-- Data extract follows --

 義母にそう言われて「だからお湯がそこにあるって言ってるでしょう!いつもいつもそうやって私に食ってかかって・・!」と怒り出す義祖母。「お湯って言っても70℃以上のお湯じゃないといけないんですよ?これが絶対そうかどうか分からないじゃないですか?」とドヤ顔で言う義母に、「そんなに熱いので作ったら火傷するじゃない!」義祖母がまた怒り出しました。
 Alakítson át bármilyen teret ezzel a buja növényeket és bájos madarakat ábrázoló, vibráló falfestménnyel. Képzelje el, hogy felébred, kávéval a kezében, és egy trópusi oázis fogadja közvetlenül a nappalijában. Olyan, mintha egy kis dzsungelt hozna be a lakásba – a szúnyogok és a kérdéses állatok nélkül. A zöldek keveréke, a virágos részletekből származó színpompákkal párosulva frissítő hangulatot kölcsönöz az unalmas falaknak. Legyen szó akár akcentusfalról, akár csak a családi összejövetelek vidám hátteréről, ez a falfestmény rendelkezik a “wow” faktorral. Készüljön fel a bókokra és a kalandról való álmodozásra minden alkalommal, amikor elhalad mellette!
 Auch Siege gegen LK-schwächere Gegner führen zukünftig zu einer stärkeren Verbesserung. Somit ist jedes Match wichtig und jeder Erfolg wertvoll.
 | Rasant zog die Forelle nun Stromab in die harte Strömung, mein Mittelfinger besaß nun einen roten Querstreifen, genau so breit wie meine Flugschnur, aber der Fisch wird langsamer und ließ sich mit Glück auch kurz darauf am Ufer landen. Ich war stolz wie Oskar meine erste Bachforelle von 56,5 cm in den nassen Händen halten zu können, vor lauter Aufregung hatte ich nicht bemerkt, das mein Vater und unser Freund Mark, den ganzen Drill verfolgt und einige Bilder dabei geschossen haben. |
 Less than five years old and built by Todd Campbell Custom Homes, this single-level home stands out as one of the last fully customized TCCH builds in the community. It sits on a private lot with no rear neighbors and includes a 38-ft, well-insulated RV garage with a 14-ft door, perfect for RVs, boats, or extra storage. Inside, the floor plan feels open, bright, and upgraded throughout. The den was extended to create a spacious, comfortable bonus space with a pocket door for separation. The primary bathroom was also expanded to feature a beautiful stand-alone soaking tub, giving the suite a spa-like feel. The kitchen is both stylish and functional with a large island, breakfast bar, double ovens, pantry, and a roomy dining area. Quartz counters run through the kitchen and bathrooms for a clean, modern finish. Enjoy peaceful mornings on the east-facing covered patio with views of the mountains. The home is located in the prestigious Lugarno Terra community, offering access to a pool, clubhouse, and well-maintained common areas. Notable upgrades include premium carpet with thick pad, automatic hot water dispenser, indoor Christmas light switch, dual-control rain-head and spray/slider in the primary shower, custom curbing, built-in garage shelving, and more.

-- Data extract concluded --
-- Data extract follows --

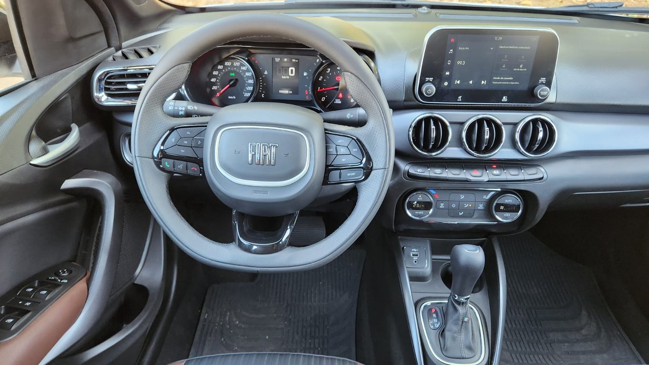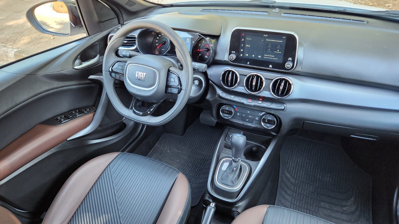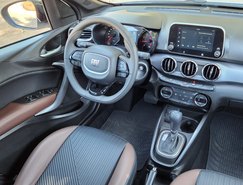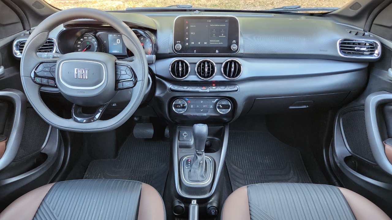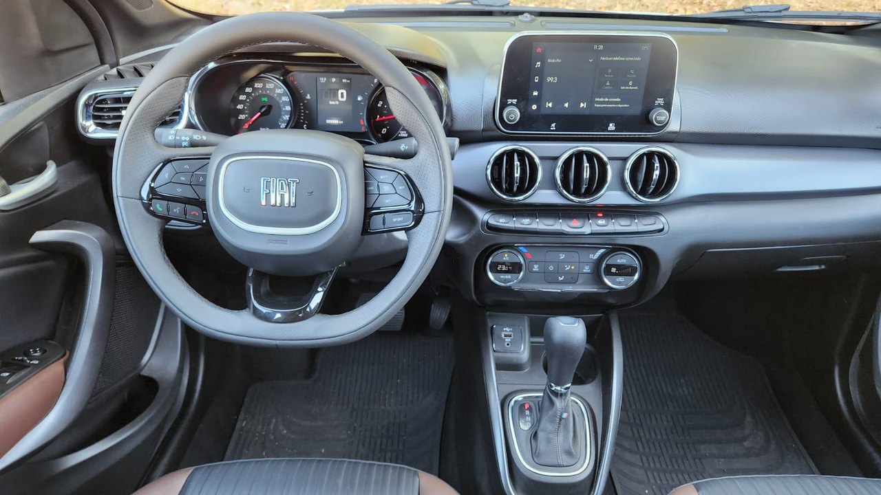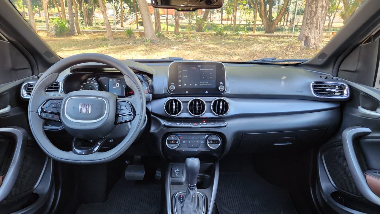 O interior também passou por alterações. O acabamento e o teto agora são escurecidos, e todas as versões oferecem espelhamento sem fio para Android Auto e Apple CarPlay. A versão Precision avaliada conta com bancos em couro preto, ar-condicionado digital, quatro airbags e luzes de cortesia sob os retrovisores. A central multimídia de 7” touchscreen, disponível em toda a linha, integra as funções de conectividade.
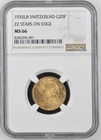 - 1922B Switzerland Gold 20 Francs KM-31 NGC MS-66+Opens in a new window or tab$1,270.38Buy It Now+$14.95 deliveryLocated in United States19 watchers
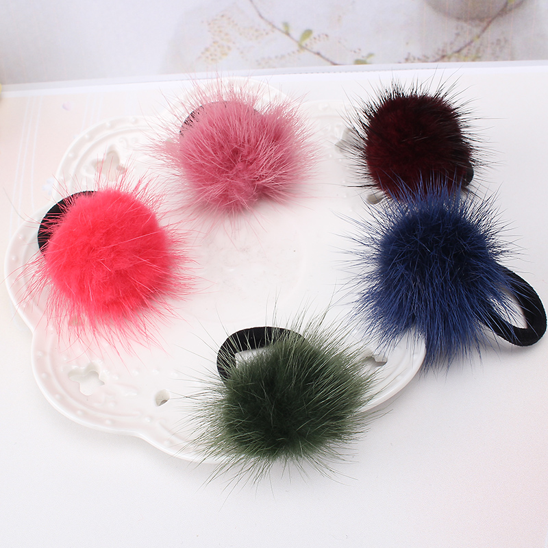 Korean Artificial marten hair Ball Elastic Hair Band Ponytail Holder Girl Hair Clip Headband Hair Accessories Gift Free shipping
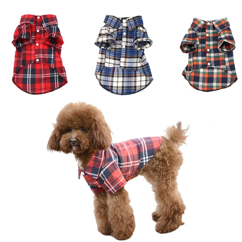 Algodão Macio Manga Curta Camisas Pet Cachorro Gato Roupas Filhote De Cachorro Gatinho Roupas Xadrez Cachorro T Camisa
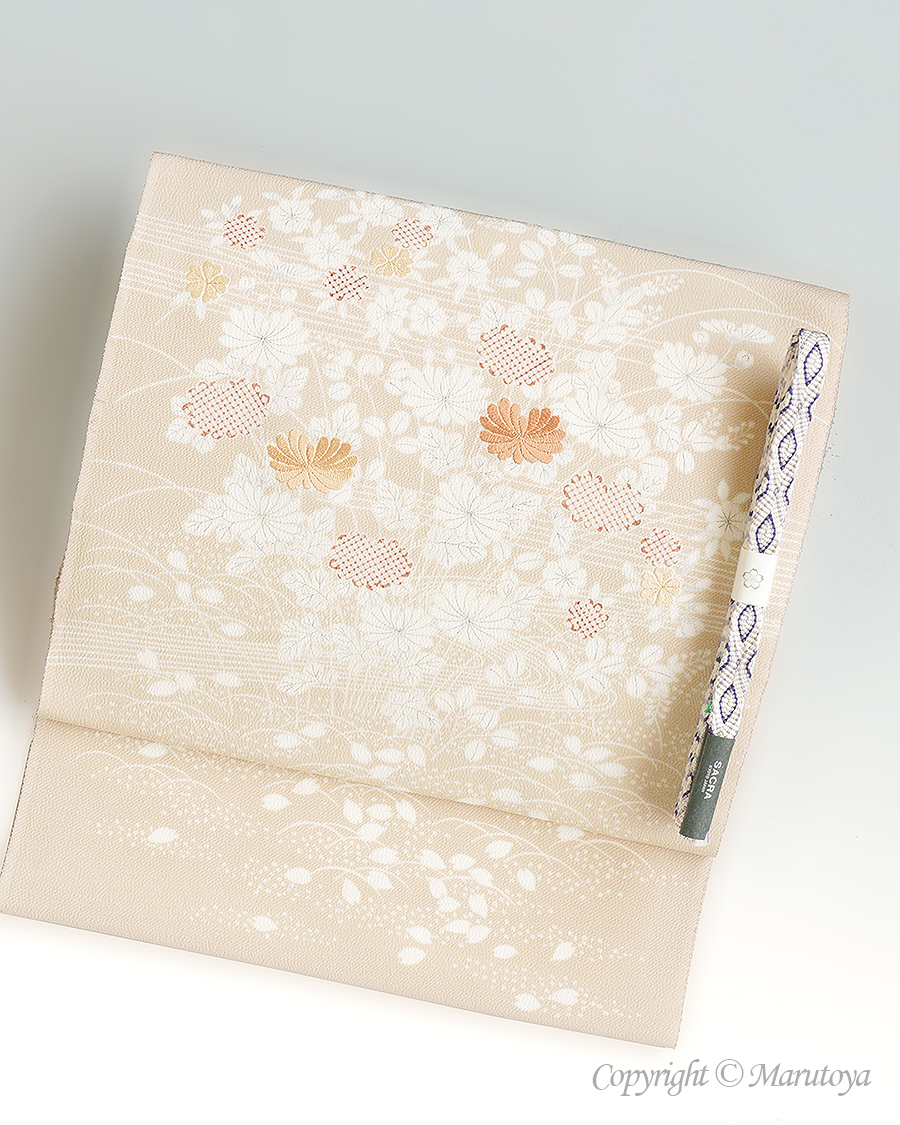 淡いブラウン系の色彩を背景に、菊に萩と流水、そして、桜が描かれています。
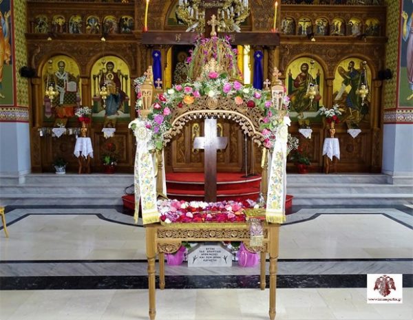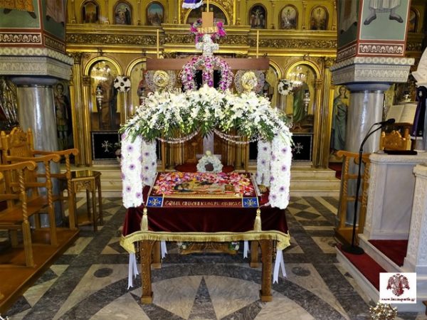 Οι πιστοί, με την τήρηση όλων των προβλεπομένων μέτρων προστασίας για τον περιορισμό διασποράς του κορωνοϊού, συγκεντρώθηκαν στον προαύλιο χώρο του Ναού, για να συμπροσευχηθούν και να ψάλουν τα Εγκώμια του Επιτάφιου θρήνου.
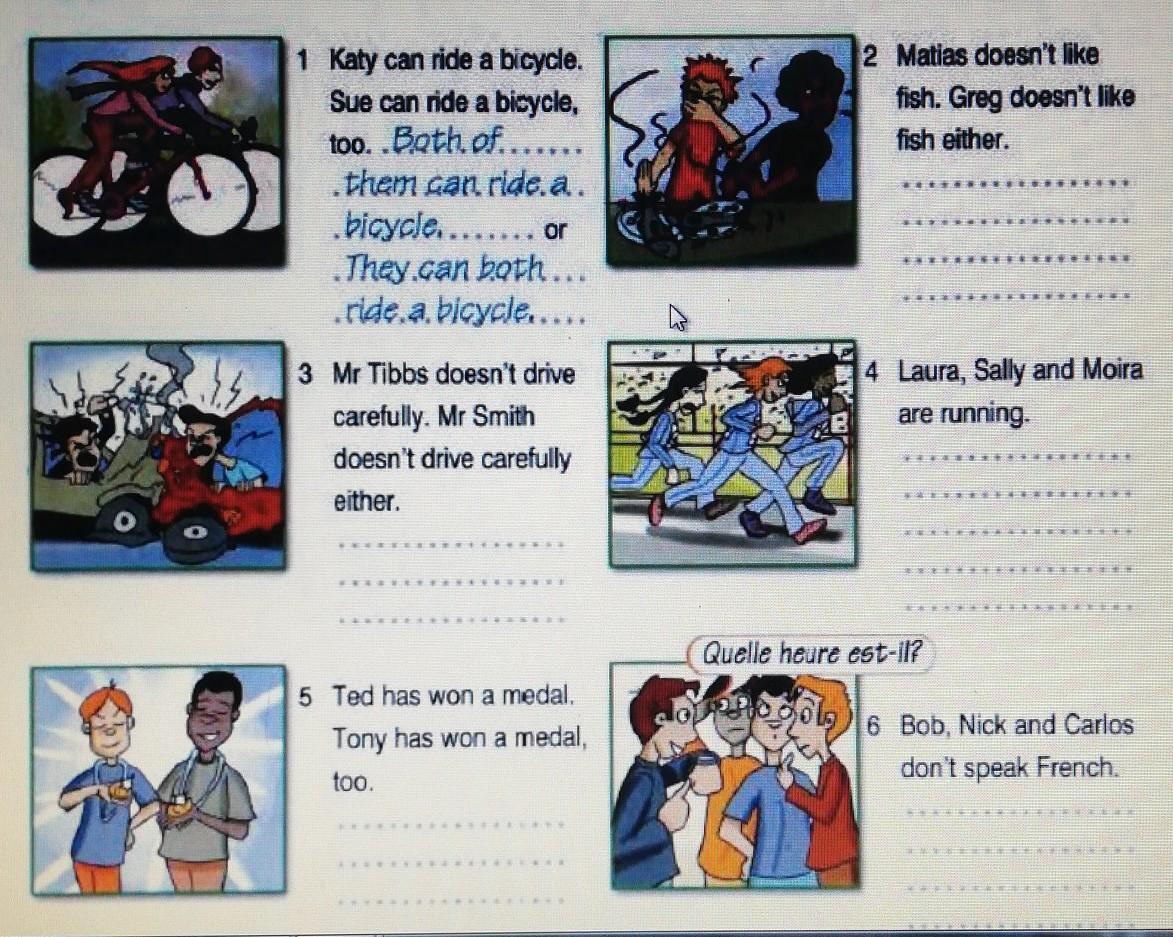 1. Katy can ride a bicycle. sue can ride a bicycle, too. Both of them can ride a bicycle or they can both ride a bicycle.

-- Data extract concluded --
-- Data extract follows --

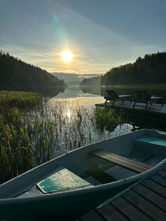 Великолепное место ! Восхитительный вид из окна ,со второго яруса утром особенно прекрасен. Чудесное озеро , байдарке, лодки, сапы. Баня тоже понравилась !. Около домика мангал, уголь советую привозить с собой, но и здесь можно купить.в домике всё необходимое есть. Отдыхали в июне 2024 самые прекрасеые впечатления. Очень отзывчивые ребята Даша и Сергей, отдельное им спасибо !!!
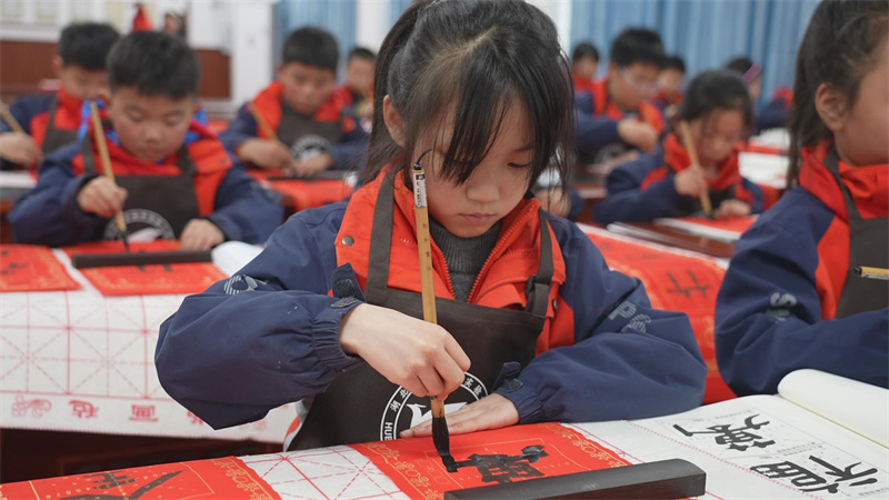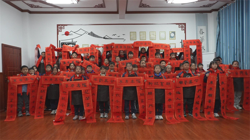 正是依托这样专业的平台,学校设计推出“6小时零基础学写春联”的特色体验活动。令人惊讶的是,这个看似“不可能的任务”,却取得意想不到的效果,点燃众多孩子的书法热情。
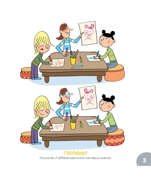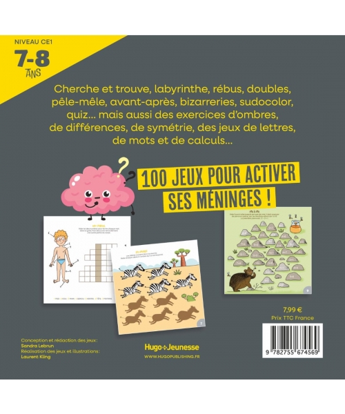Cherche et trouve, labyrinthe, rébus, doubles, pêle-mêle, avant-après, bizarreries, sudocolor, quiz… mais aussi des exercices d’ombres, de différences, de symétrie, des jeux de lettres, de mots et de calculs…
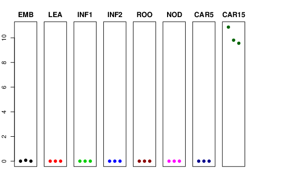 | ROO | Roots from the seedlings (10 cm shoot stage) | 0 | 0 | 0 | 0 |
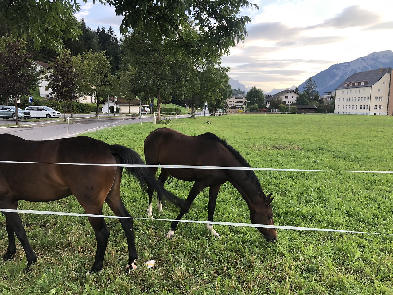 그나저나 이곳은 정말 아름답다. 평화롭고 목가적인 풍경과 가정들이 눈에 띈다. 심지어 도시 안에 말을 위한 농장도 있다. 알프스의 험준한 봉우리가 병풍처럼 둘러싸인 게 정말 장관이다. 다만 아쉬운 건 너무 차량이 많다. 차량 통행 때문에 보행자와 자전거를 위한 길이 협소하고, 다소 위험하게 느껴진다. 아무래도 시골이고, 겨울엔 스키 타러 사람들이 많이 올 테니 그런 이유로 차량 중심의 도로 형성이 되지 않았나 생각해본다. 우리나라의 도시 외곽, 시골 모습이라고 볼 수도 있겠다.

-- Data extract concluded --

▶ **Aim of the task**: From the line with "Algodão Macio Manga" up to and including the line with "1. Katy can" above, retype every line exactly and nothing more; leave out the pictures.

▶ **Exercise response**:
 Algodão Macio Manga Curta Camisas Pet Cachorro Gato Roupas Filhote De Cachorro Gatinho Roupas Xadrez Cachorro T Camisa
 淡いブラウン系の色彩を背景に、菊に萩と流水、そして、桜が描かれています。
 Οι πιστοί, με την τήρηση όλων των προβλεπομένων μέτρων προστασίας για τον περιορισμό διασποράς του κορωνοϊού, συγκεντρώθηκαν στον προαύλιο χώρο του Ναού, για να συμπροσευχηθούν και να ψάλουν τα Εγκώμια του Επιτάφιου θρήνου.
 1. Katy can ride a bicycle. sue can ride a bicycle, too. Both of them can ride a bicycle or they can both ride a bicycle.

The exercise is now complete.